_Supplied records_
+ + +
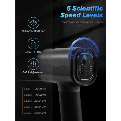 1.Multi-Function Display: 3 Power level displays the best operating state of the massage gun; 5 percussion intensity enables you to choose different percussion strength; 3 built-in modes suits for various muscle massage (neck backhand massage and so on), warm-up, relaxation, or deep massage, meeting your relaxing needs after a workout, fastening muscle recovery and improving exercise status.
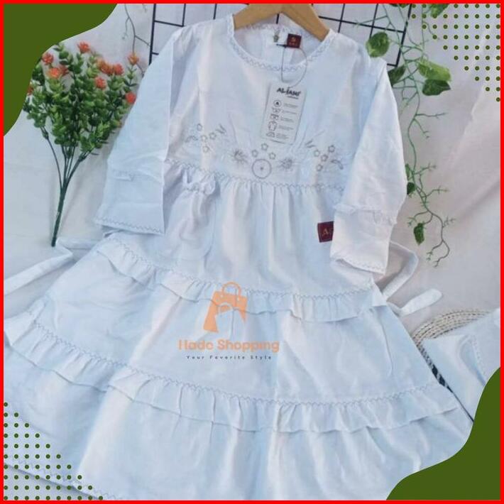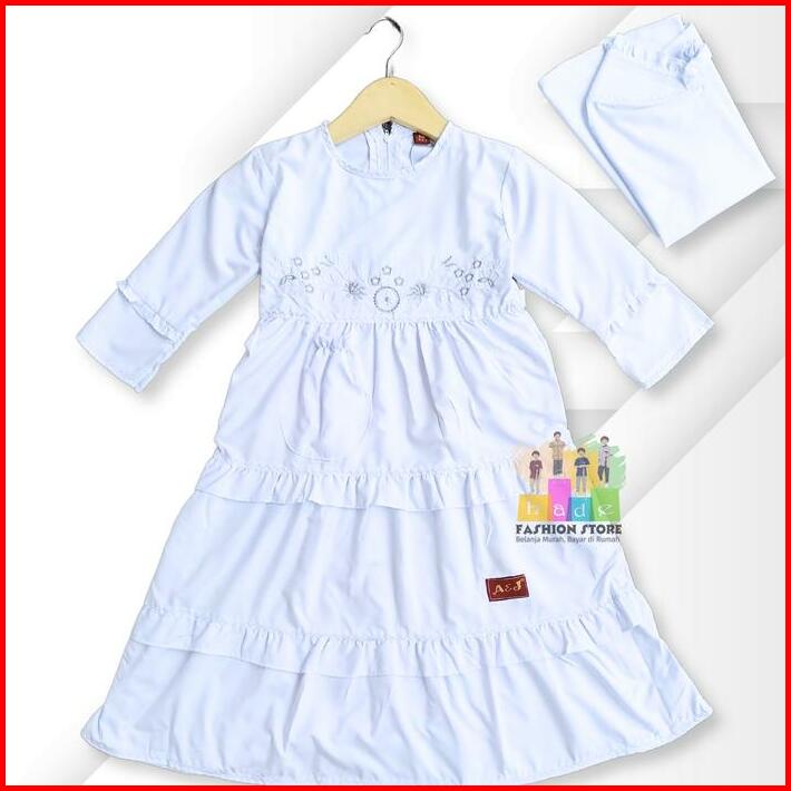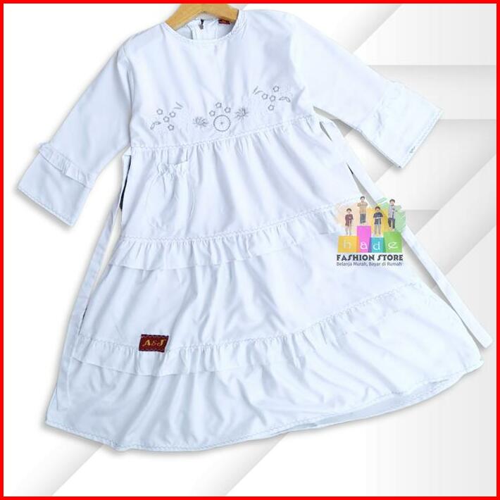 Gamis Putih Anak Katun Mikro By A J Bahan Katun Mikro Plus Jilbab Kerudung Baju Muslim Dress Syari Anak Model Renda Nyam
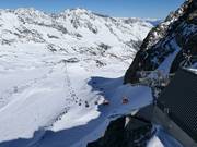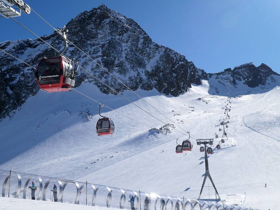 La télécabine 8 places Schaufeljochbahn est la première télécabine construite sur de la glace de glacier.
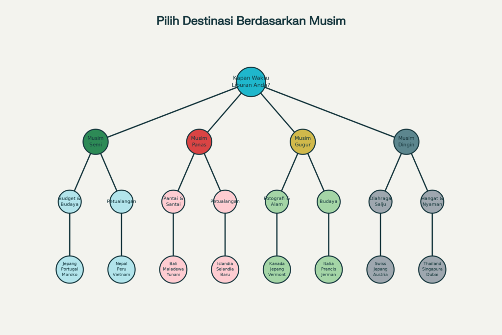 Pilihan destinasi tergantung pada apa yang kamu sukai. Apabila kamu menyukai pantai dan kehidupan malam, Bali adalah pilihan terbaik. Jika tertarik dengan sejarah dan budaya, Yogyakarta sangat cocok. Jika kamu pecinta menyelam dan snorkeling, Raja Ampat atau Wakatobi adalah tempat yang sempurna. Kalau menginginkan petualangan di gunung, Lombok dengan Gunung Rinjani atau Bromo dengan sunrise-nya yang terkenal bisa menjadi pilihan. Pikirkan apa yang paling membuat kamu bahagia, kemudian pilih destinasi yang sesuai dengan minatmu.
+ + +
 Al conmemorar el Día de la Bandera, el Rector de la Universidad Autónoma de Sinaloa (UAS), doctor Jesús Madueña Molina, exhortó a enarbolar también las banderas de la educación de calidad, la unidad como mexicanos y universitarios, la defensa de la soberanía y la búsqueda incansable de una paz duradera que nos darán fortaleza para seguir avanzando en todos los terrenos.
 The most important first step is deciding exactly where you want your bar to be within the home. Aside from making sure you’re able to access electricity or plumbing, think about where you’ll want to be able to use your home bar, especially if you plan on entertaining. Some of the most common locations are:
+ + +
_Prompt_
Which lines above run from the one containing "Al conmemorar el" to the one containing "The most important"? Give them again exactly, both ends included.

_Output for this exercise_
 Al conmemorar el Día de la Bandera, el Rector de la Universidad Autónoma de Sinaloa (UAS), doctor Jesús Madueña Molina, exhortó a enarbolar también las banderas de la educación de calidad, la unidad como mexicanos y universitarios, la defensa de la soberanía y la búsqueda incansable de una paz duradera que nos darán fortaleza para seguir avanzando en todos los terrenos.
 The most important first step is deciding exactly where you want your bar to be within the home. Aside from making sure you’re able to access electricity or plumbing, think about where you’ll want to be able to use your home bar, especially if you plan on entertaining. Some of the most common locations are:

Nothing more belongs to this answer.